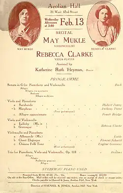Following her criticism of his extra-marital affairs, Clarke's father turned her out of the house and cut off her funds.[7] She had to leave the Royal College in 1910 and supported herself through her viola playing. Clarke (along with Jessie Grimson) became one of the first female professional orchestral musicians when she was selected by Sir Henry Wood to play in the Queen's Hall Orchestra in 1912.[4][8] She was highly sought after as a violist, playing with Artur Schnabel, Pablo Casals, Jascha Heifetz, Jacques Thibaud, Guilhermina Suggia, Arthur Rubinstein, Pierre Monteux, and George Szell, among others.[9]
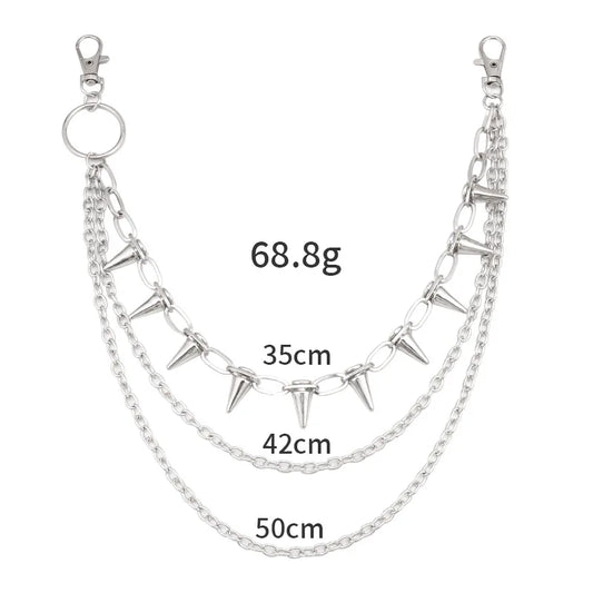 Punk Spike Rivet Layered Metal Chain Keychains For Men Women Pants Jeans Biker Gothic Rock
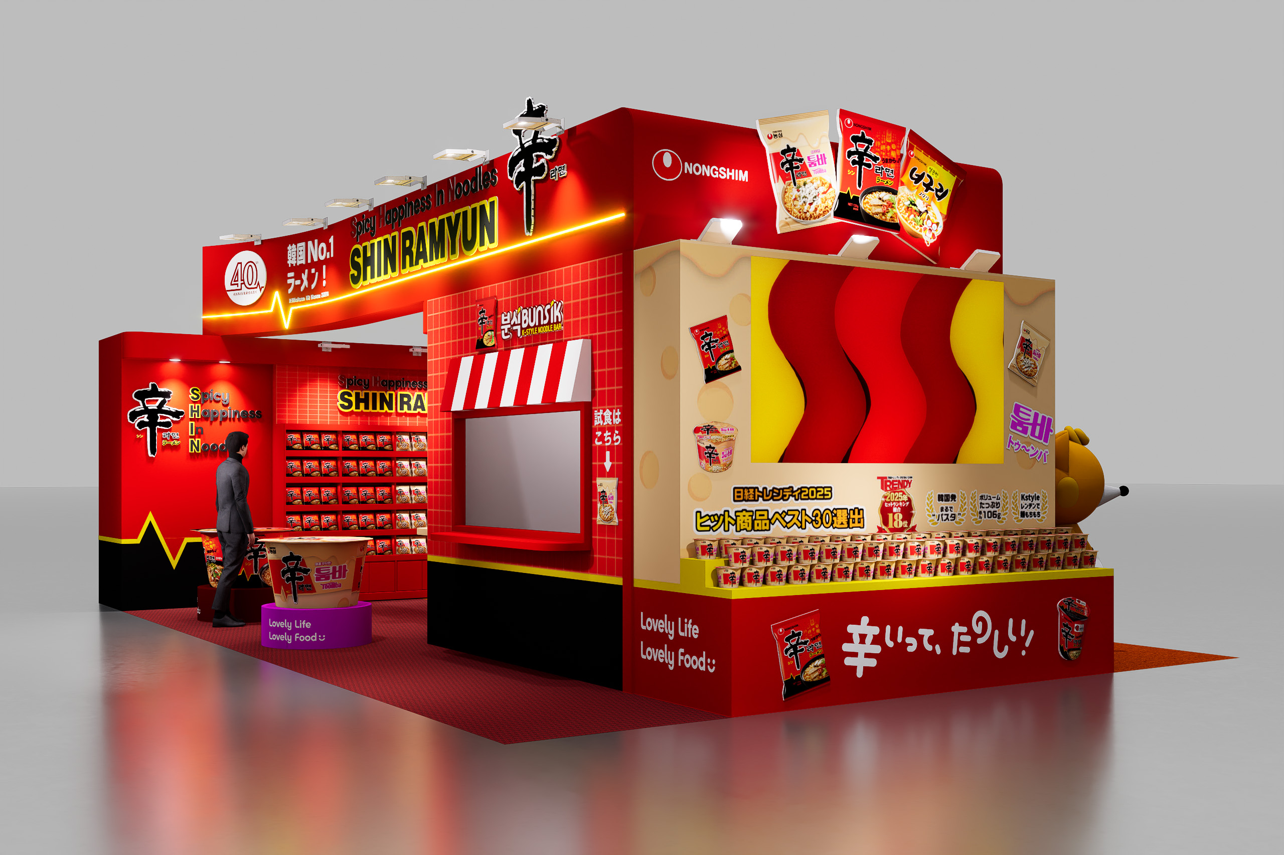 また、当社ブースの左側面と正面は、赤色を基調とした「辛ラーメン」デザインを施しており、40周年ロゴや新グローバルキャッチコピー『Spicy Happiness In Noodles』ロゴの掲載、人気沸騰中の「辛ラーメン トゥーンバ」を展示します。右側面には、ブランド初の日本限定製品を発売し、さらなるファン層を拡大している「ノグリ」を展示。より親しみやすくリニューアルを遂げたブランドキャラクター「ノグリくん」にも注目です。

▶ **TASK REQUIREMENTS**
Give back an exact copy of only the lines from the one with "Punk Spike Rivet" through the final line of the material, both included. Pictures do not belong in it.

▶ **WRITTEN REPLY**
 Punk Spike Rivet Layered Metal Chain Keychains For Men Women Pants Jeans Biker Gothic Rock
 また、当社ブースの左側面と正面は、赤色を基調とした「辛ラーメン」デザインを施しており、40周年ロゴや新グローバルキャッチコピー『Spicy Happiness In Noodles』ロゴの掲載、人気沸騰中の「辛ラーメン トゥーンバ」を展示します。右側面には、ブランド初の日本限定製品を発売し、さらなるファン層を拡大している「ノグリ」を展示。より親しみやすくリニューアルを遂げたブランドキャラクター「ノグリくん」にも注目です。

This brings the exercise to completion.